Record set: Begin
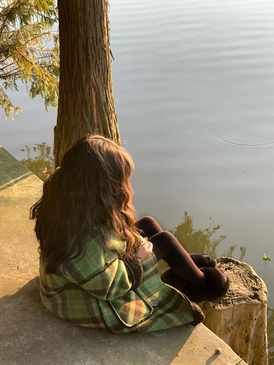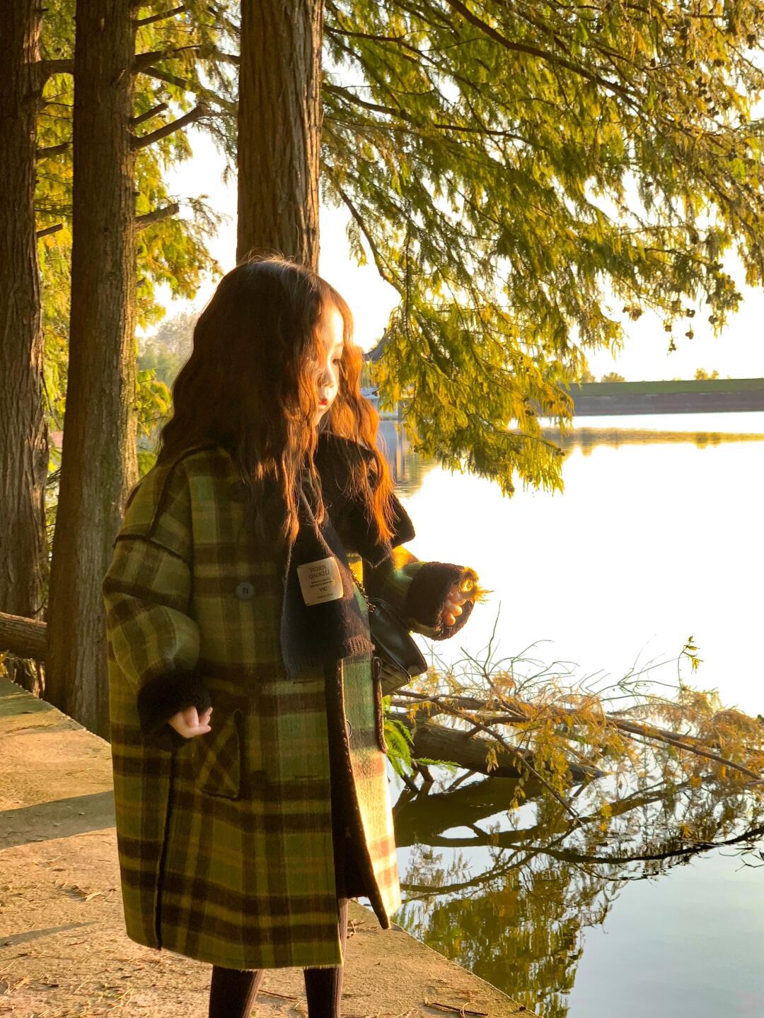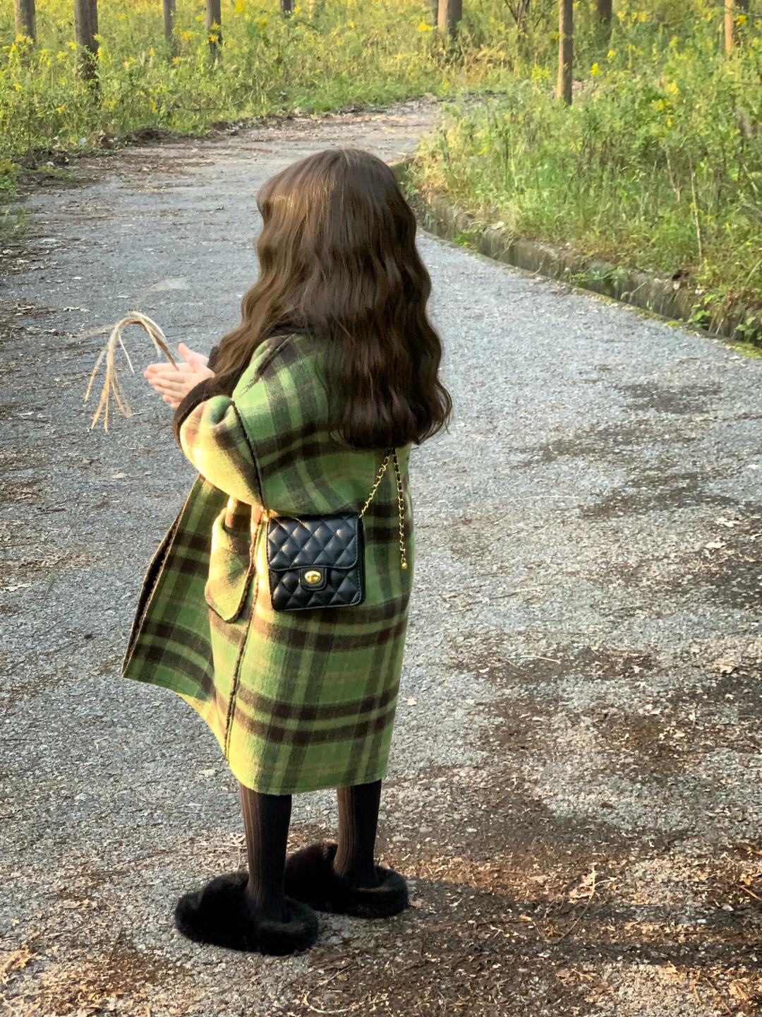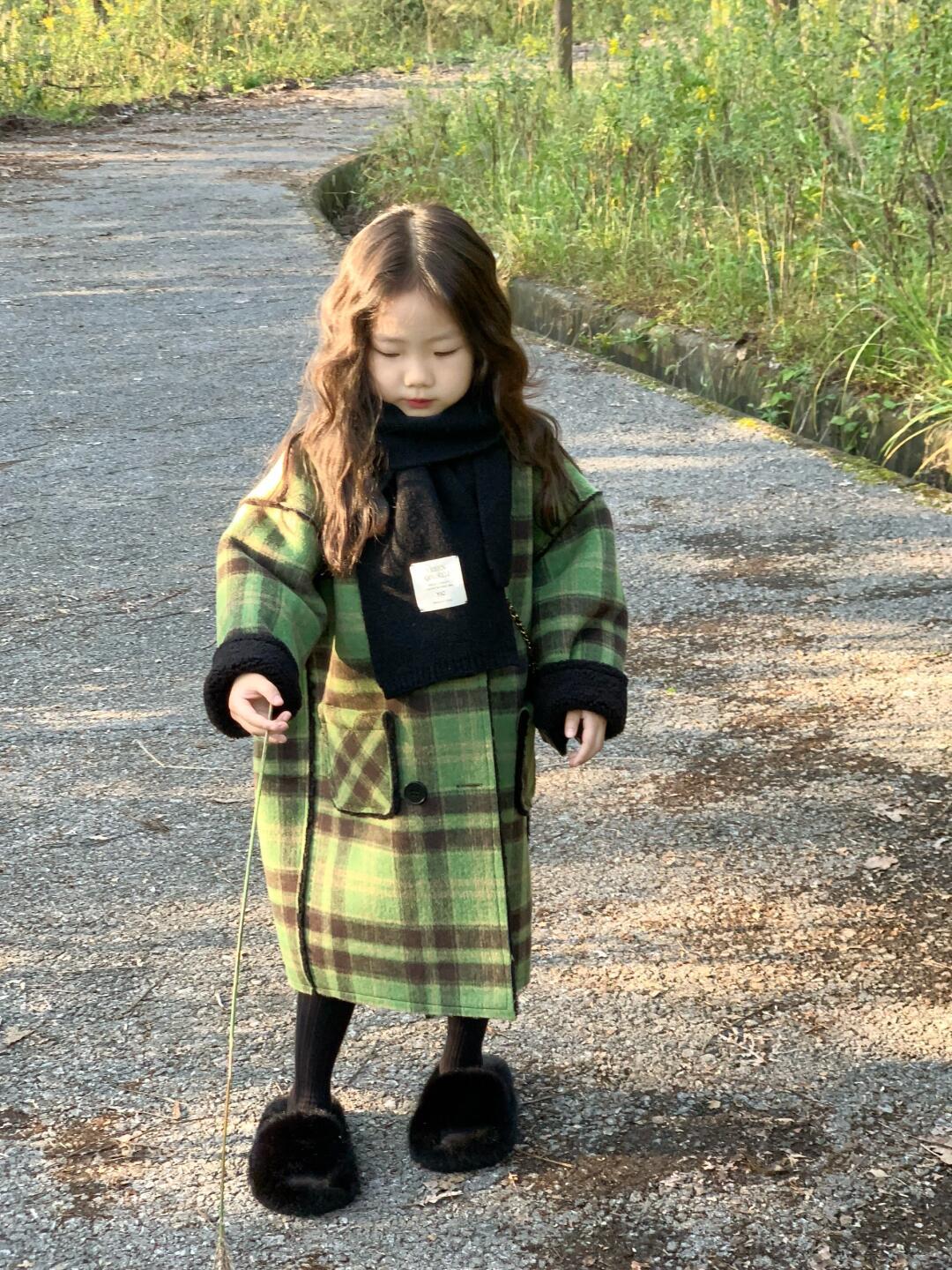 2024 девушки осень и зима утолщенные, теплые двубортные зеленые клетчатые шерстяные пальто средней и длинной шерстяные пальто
Record set: End
Record set: Begin
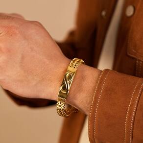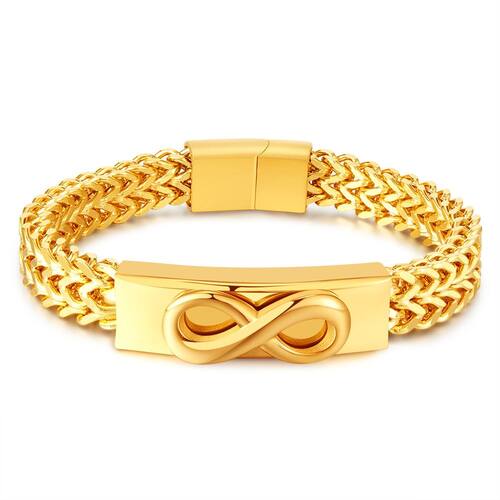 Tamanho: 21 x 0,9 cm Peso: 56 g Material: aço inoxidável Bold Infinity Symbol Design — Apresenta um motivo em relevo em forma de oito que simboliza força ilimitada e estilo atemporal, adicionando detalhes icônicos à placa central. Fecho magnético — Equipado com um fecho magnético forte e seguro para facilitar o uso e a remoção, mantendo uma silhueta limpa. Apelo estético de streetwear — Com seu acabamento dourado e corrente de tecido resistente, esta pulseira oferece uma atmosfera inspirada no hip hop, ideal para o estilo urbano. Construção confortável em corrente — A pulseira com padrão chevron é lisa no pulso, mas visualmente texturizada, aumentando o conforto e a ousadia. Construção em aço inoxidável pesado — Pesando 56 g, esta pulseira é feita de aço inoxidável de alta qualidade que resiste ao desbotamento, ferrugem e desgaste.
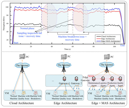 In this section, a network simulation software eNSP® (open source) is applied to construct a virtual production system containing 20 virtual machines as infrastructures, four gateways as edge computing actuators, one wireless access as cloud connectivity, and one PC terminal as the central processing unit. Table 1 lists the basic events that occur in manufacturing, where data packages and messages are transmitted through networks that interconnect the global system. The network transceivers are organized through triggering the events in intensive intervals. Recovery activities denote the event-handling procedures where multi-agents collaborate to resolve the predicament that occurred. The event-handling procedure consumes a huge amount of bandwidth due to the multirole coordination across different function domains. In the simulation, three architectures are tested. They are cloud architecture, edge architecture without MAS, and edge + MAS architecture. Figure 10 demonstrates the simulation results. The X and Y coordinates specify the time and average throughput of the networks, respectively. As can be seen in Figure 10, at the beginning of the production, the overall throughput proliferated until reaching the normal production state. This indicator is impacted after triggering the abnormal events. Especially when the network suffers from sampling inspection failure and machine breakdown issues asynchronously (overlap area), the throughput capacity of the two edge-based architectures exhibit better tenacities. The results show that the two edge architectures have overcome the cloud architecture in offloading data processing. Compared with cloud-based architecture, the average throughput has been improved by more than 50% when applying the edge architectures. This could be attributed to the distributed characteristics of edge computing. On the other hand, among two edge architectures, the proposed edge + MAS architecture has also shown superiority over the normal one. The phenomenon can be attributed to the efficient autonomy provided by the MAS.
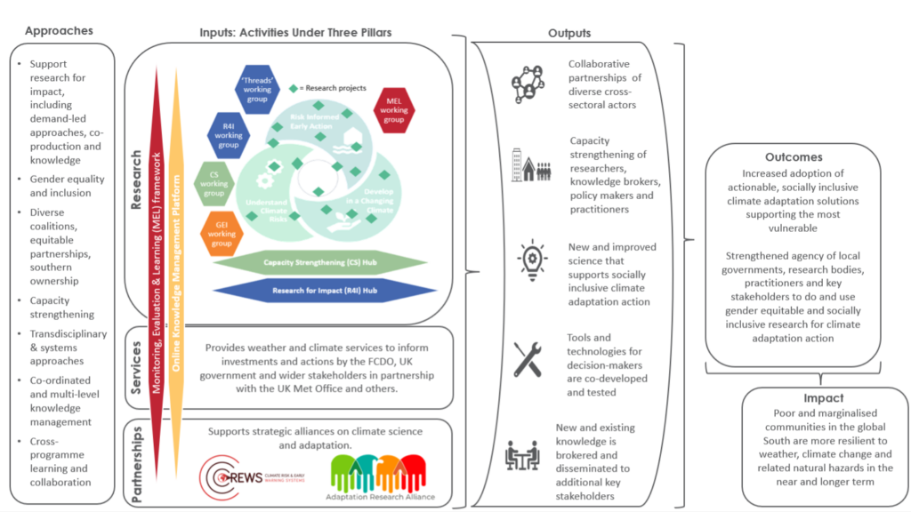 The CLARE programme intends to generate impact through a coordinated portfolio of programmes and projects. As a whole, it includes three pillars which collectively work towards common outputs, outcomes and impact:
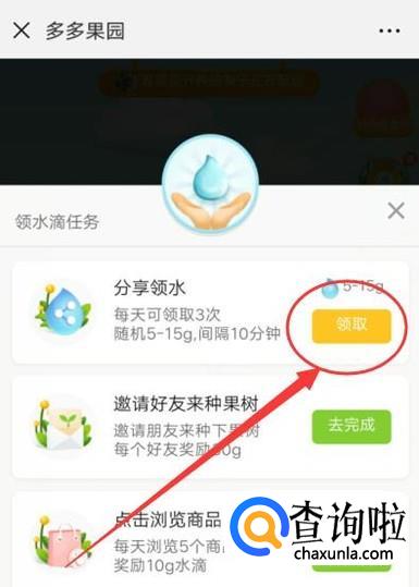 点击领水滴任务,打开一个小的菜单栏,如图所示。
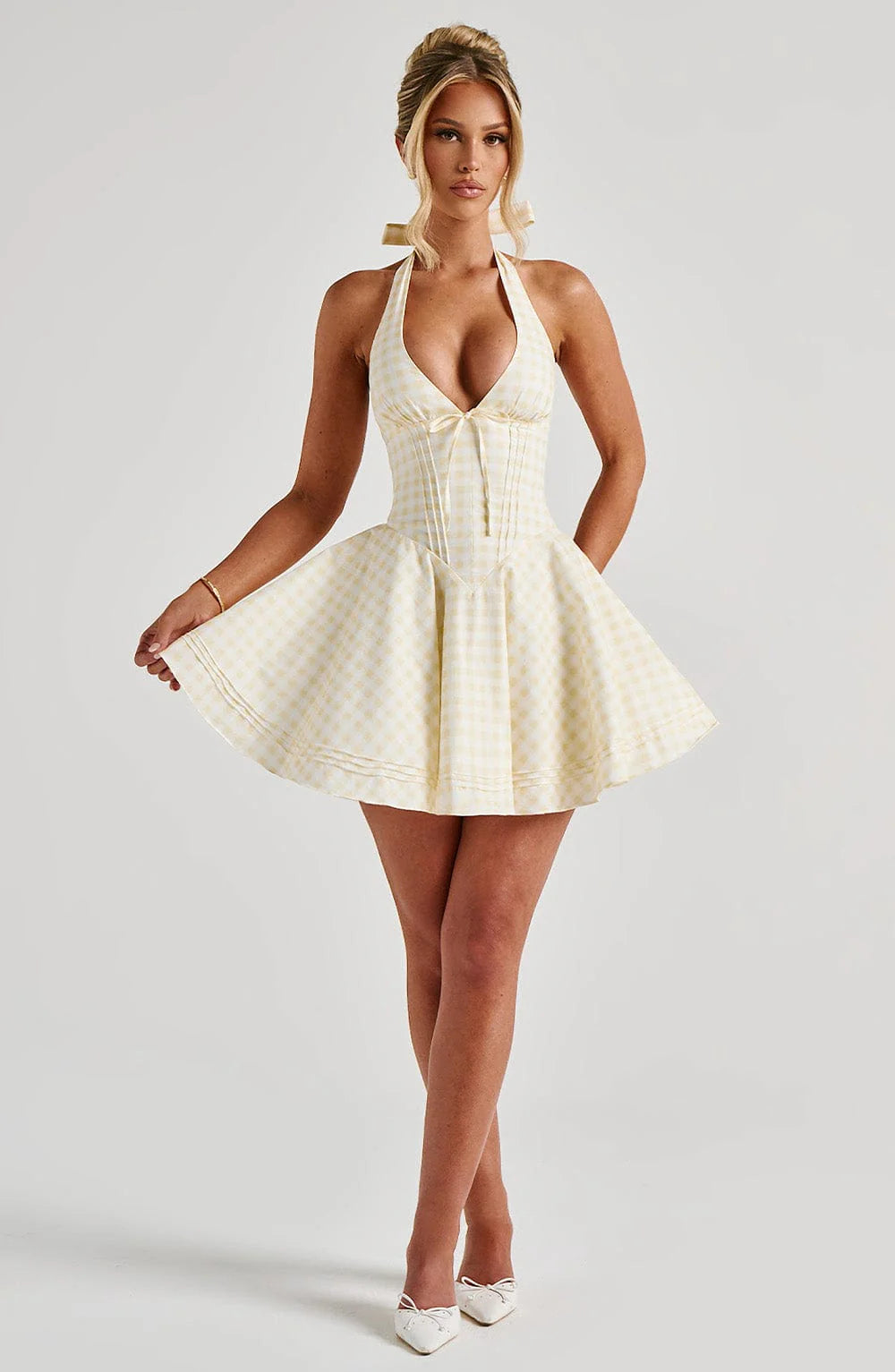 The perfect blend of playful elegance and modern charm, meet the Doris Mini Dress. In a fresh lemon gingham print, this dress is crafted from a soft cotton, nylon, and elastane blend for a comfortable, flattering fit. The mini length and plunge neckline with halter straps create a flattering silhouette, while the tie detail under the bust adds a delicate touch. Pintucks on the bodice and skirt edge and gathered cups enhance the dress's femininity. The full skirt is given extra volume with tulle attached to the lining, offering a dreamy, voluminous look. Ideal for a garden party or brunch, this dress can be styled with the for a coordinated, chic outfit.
Record set: End
Record set: Begin
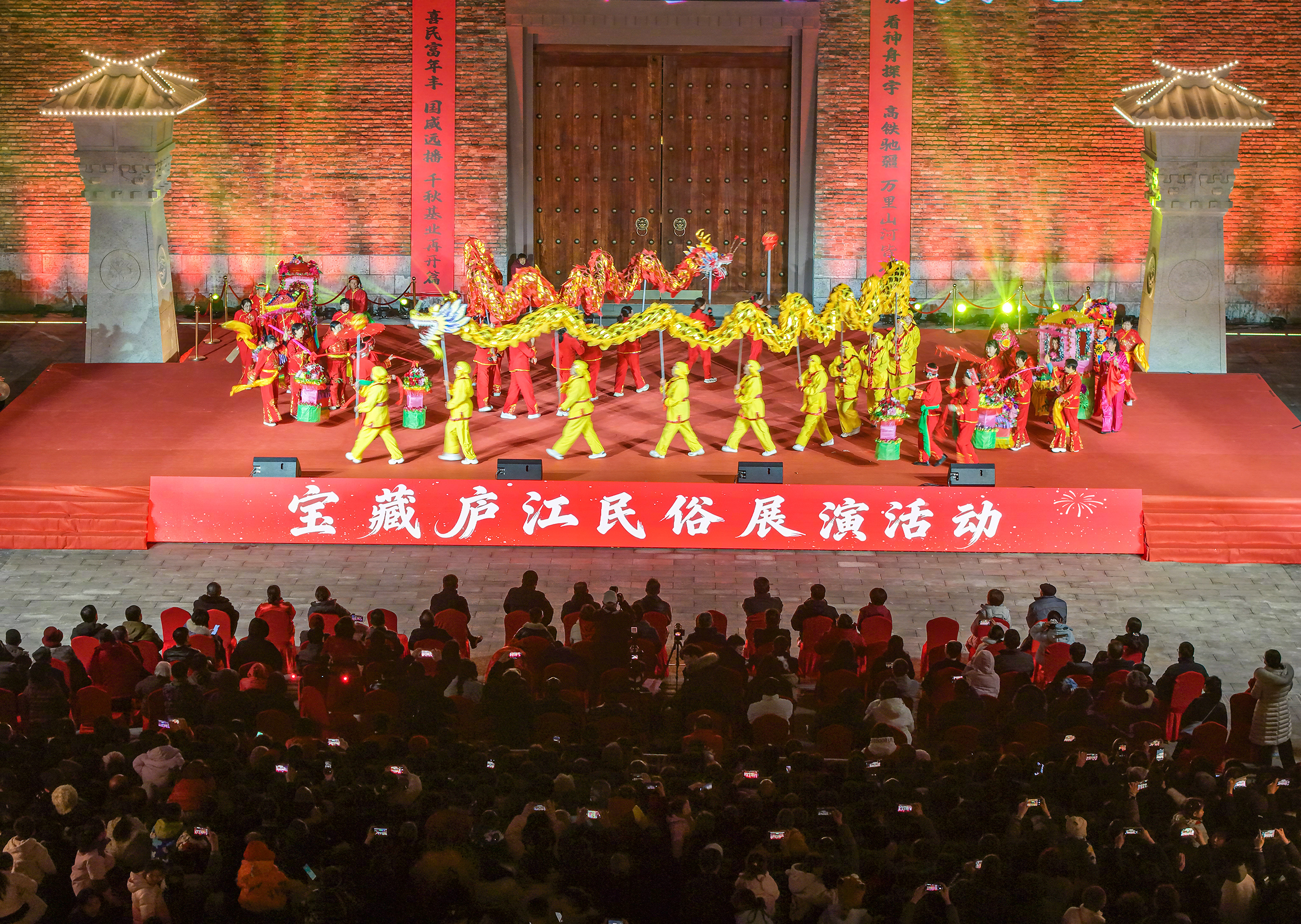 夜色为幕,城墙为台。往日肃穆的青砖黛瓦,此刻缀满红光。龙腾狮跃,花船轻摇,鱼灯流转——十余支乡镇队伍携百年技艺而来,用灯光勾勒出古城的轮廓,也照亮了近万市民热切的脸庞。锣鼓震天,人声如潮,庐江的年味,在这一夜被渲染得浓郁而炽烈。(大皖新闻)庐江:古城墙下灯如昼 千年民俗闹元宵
Record set: End
▸ What is being asked
Copy only what lies between the line with "点击领水滴任务,打开一个小的菜单栏,如图所示。" and the line with "The perfect blend", those two lines included, exactly as given above; pictures stay out.

▸ Exercise solution
 点击领水滴任务,打开一个小的菜单栏,如图所示。
 The perfect blend of playful elegance and modern charm, meet the Doris Mini Dress. In a fresh lemon gingham print, this dress is crafted from a soft cotton, nylon, and elastane blend for a comfortable, flattering fit. The mini length and plunge neckline with halter straps create a flattering silhouette, while the tie detail under the bust adds a delicate touch. Pintucks on the bodice and skirt edge and gathered cups enhance the dress's femininity. The full skirt is given extra volume with tulle attached to the lining, offering a dreamy, voluminous look. Ideal for a garden party or brunch, this dress can be styled with the for a coordinated, chic outfit.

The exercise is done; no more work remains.